If you want some estimate of their values, it's much easier (and likely more accurate) to figure out the asymptotic complexity formula, run some benchmarks on different problem sizes and fit the coefficients to the obtained data.如果您想要对它们的值进行一些估计，那么计算渐近复杂度公式会更容易（并且可能更准确），针对不同的问题大小运行一些基准测试并将系数拟合到获得的数据。

We use asymptotic notation so we can talk about the efficiency of algorithms , not the efficiency of specific computers.我们使用渐近符号，所以我们可以谈论算法的效率，而不是特定计算机的效率。

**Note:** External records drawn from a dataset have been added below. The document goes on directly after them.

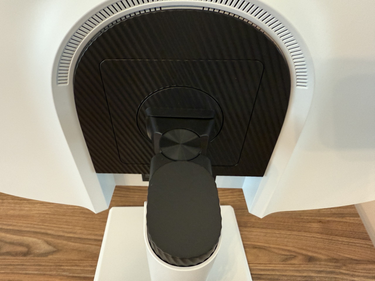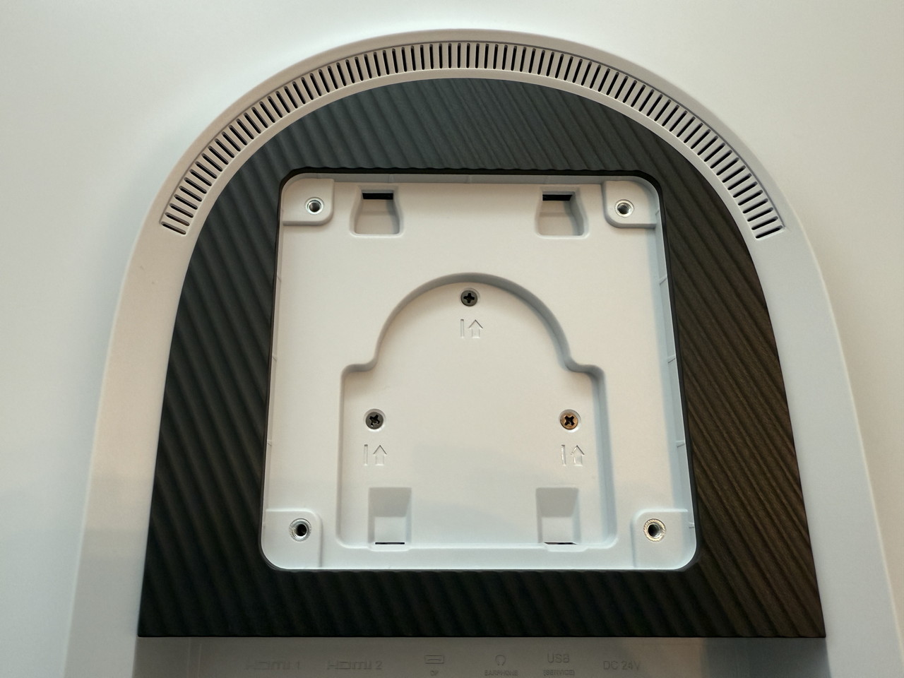 ▼背面中央にはスタンド取り付け用ポートが用意。100mm×100mmサイズの四つ穴も開いており、モニターアーム等を接続することも可能。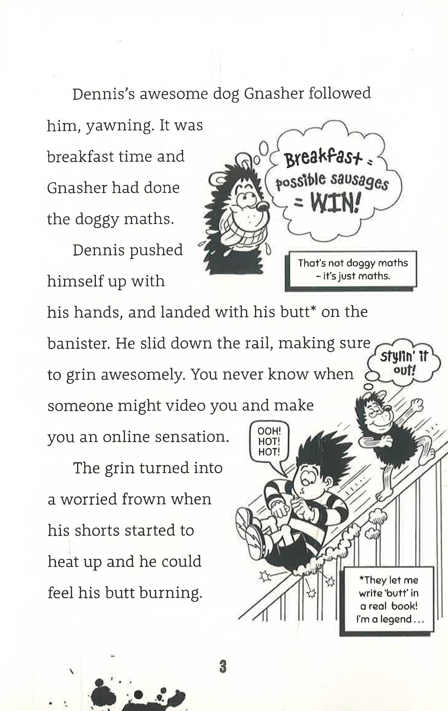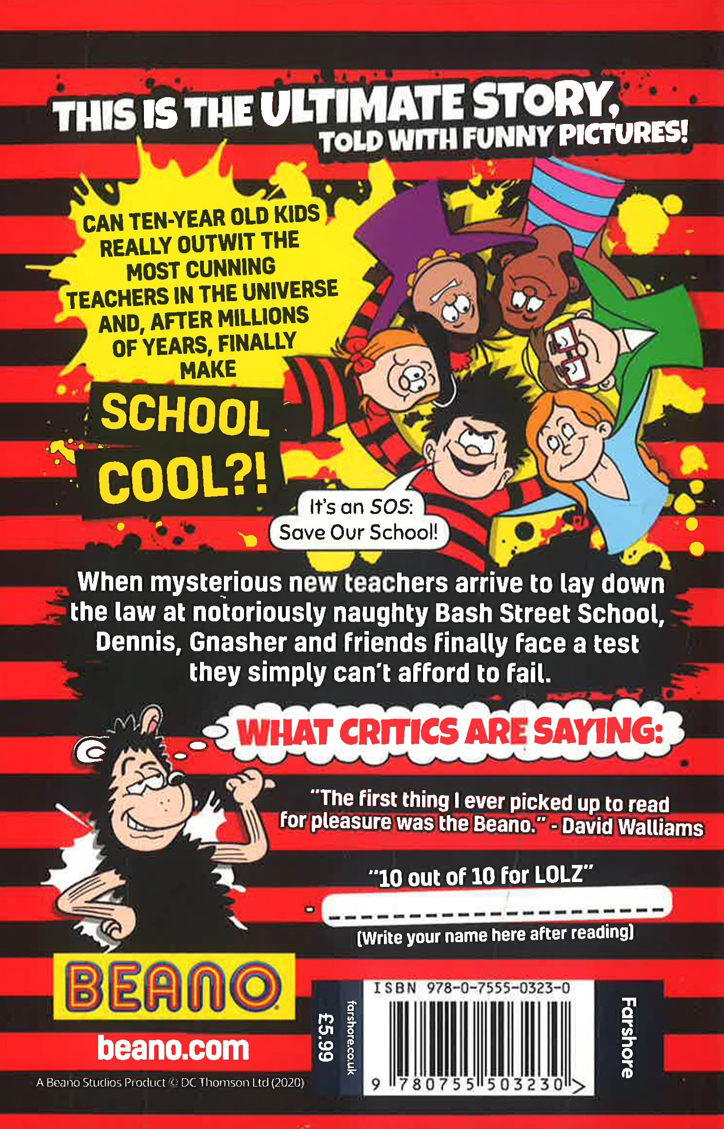 Can a group of ten year old mates (and one scruffy dog) really outwit the most fiendish, cunning teachers in the universe and, after millions of years, finally make school cool?! When mysterious new teachers arrive to lay down the law at notoriously naughty Bash Street School, Dennis, Gnasher and friends finally face a classroom test they simply can't afford to fail ... Dennis and Gnasher are back for another adventure. An adventure story, told with funny pictures ...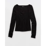 Aerie Bambi Real Soft® Piping Pajama Shirt – Smoked Gray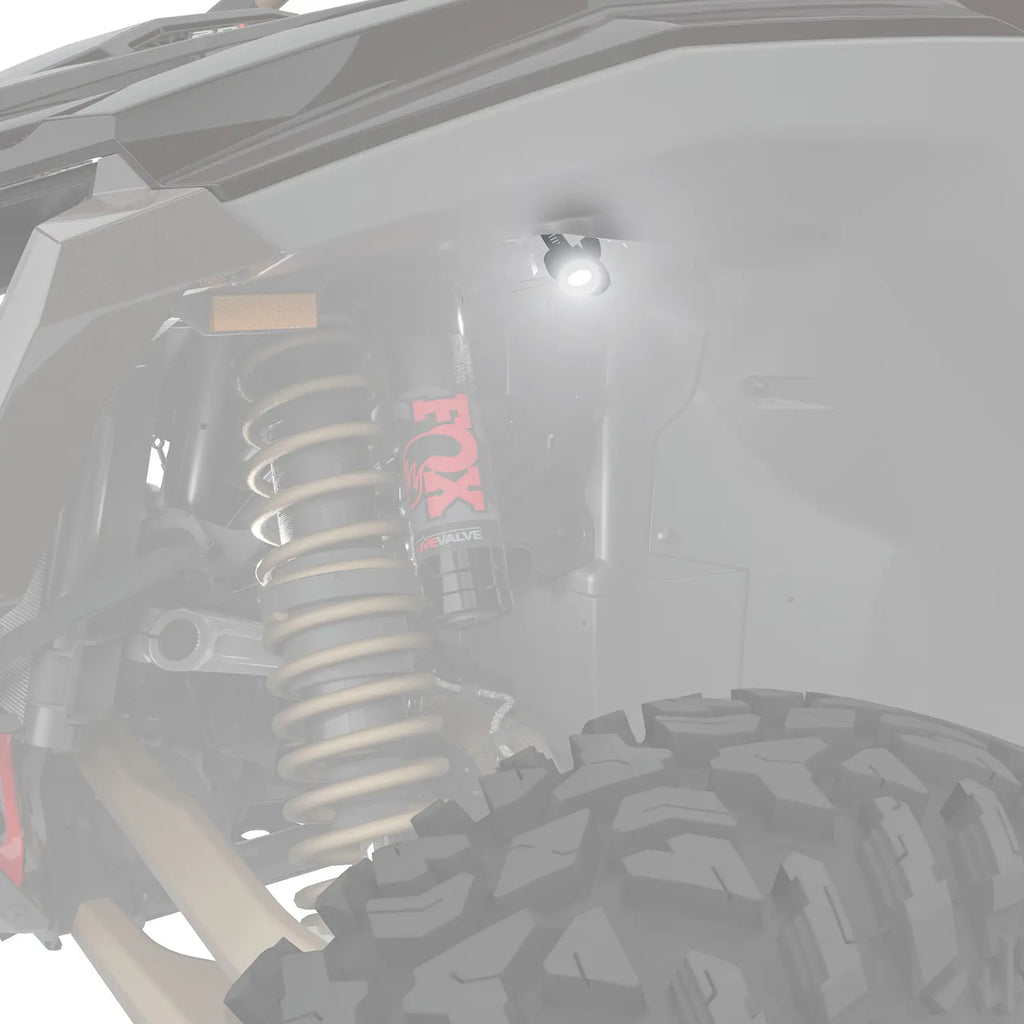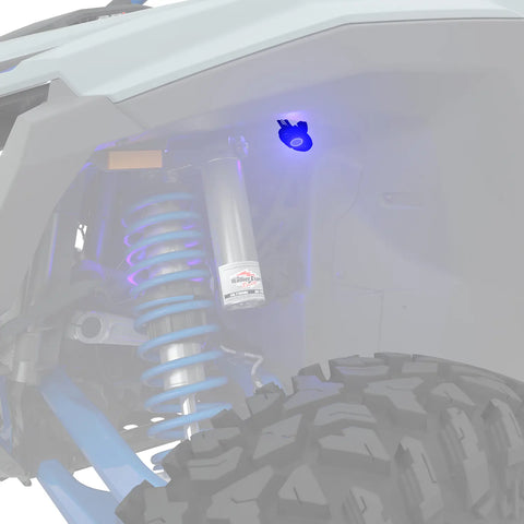 Pro Armor Rock Lights enhance visibility during off-road adventures. These rugged wheel well lights are designed to illuminate the ground around your vehicle, making it easier to navigate rocky terrain, trails or off-road paths, especially in low-light conditions. Universal mounting allows you to install them in the wheel wells or any other location you prefer. Constructed with premium materials, these rock lights are built to withstand the toughest off-road environments for durability and longevity. The rock light kit includes a set of four lights, along with all necessary mounting hardware and detailed installation instructions. This item has universal fitment for Polaris PULSE-equipped vehicles.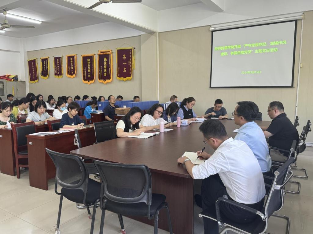 近日,经济贸易学院党总支在综合楼212党员活动室开展“严守党规党纪、加强作风建设、争做合格党员”主题党日活动,党总支书记刘大俊主持会议,全体党员教师参会。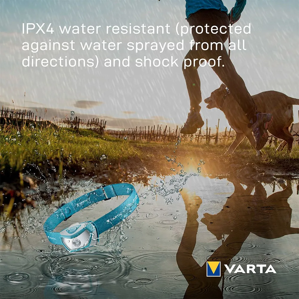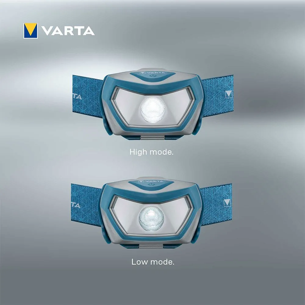 Outdoor Sports H10 Pro Varta Taschenlampe. vartas eigenes Produktdesign. robustes und elegantes Sportaccessoire in attraktiven Farben für Outdoor-Abenteuer. 2 Lichtstufen: hoch und niedrig. praktisch und toller tragekomfort durch den verstellbaren, abnehmbaren und waschbaren kopfriemen. batteriebetrieben (inkl. 3x aaa). stoßfest (2m Falltest) .ipx4 wasserfester rotierender Kopf. eine ideale Umgebungsbeleuchtung praktische Funktionen für das beste Outdoor-Erlebnis ohne Grenzen.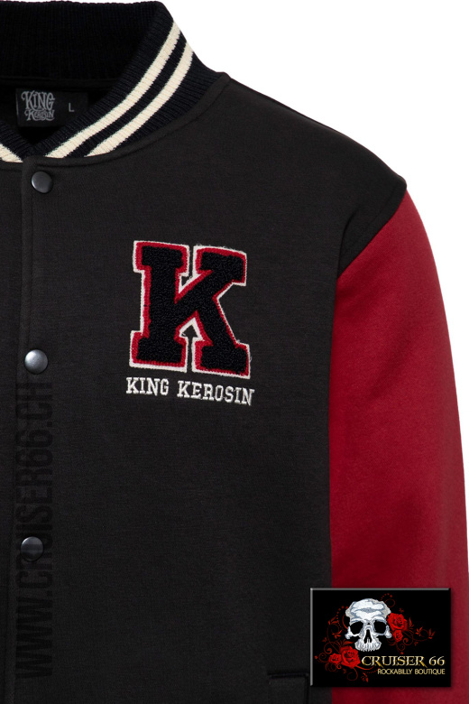 Die King Kerosin College-Jacke ist mehr als nur ein Kleidungsstück; sie ist ein Statement für alle, die das Benzin im Blut spüren und die Freiheit der Straße lieben.

If you write program that takes f(n) seconds to run on your machine...如果您编写的程序需要 f(n) 秒才能在您的机器上运行...

The same program might take f(n)/10 seconds on a much faster machine, but that's still O(f(n)).同样的程序在速度更快的机器上可能需要 f(n)/10 秒，但这仍然是 O(f(n))。

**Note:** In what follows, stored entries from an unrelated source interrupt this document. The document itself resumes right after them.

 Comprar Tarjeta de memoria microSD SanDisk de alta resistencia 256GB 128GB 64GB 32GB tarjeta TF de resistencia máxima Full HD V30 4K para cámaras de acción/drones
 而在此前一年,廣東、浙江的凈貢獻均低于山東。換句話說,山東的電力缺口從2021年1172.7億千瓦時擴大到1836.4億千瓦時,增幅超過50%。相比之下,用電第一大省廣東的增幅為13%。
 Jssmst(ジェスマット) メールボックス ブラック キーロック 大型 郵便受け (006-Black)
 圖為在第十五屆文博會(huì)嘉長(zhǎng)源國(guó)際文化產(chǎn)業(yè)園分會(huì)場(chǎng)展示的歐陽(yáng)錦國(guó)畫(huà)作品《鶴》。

The same program might take f(n)*10 seconds on a much slower machine, but that's still O(f(n)).在慢得多的机器上，相同的程序可能需要 f(n)*10 秒，但这仍然是 O(f(n))。

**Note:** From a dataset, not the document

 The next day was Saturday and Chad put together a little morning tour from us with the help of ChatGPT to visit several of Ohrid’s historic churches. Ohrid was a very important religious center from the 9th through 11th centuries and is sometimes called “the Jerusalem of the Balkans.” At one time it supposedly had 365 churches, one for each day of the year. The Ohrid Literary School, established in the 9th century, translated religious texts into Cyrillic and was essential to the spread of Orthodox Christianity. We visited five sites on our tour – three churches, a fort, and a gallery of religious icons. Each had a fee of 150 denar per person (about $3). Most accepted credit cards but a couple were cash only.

Some machine could have different hardware, so it's faster at, say, floating point math, but slower at memory access.有些机器可能有不同的硬件，所以它在浮点数学上更快，但在 memory 访问时更慢。 The time it takes to run your program on that machine may be faster or slower, depending on the specific input, but it will still be O(f(n)).在该机器上运行程序所需的时间可能会更快或更慢，具体取决于特定的输入，但它仍然是 O(f(n))。

The time it takes to run a program depends on a lot of things, but the asymptotic complexity is a property of the algorithm itself.运行程序所需的时间取决于很多因素，但渐近复杂度是算法本身的属性。 That's why we use it to evaluate algorithms.这就是我们使用它来评估算法的原因。

Because big-O notation tells you about an algorithm's performance independent of the language, compiler/interpreter, or platform being used.因为大 O 表示法告诉您算法的性能与所使用的语言、编译器/解释器或平台无关。 Contrary to popular belief, big-O doesn't predict the run-time.与流行的看法相反，big-O 不能预测运行时间。 Instead, it tells you how the algorithm scales with input.相反，它会告诉您算法如何随输入扩展。 However long it takes for a given size input, an algorithm that has O(n ² ) complexity will asymptotically take 4 times as long if you double the size of the input, 100 times as long if you increase the input by a factor of 10, etc., regardless of your choices of languages, compilers, or platforms.无论给定大小的输入需要多长时间，如果将输入的大小加倍，具有 O(n ² ) 复杂度的算法将渐近花费 4 倍的时间，如果将输入增加 10 倍，则将花费 100 倍的时间等，无论您选择何种语言、编译器或平台。